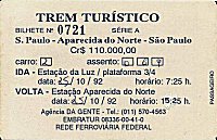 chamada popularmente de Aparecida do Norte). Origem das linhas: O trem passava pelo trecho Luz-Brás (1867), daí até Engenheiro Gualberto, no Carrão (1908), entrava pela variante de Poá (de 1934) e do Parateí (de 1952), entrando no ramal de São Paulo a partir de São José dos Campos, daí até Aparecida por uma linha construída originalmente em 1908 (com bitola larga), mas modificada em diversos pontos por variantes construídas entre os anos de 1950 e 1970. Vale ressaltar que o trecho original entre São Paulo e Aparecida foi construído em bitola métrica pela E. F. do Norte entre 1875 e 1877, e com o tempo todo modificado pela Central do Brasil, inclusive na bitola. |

━━━━━━━━━━━━━━━━

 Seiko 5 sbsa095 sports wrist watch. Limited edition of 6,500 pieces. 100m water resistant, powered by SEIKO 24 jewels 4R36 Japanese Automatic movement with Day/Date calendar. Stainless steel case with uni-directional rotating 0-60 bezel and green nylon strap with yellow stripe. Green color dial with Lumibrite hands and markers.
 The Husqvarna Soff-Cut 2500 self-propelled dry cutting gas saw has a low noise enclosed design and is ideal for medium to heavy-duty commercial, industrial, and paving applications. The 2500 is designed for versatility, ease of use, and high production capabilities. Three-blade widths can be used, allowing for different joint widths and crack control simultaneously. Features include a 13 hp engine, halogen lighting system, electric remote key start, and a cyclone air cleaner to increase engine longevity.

━━━━━━━━━━━━━━━━

= Your task =
Looking at the data above, write out exactly the lines that start at the one containing "Seiko 5 sbsa095" and end at the one containing "The Husqvarna Soff-Cut"; include both and nothing beyond.

= Response box =
 Seiko 5 sbsa095 sports wrist watch. Limited edition of 6,500 pieces. 100m water resistant, powered by SEIKO 24 jewels 4R36 Japanese Automatic movement with Day/Date calendar. Stainless steel case with uni-directional rotating 0-60 bezel and green nylon strap with yellow stripe. Green color dial with Lumibrite hands and markers.
 The Husqvarna Soff-Cut 2500 self-propelled dry cutting gas saw has a low noise enclosed design and is ideal for medium to heavy-duty commercial, industrial, and paving applications. The 2500 is designed for versatility, ease of use, and high production capabilities. Three-blade widths can be used, allowing for different joint widths and crack control simultaneously. Features include a 13 hp engine, halogen lighting system, electric remote key start, and a cyclone air cleaner to increase engine longevity.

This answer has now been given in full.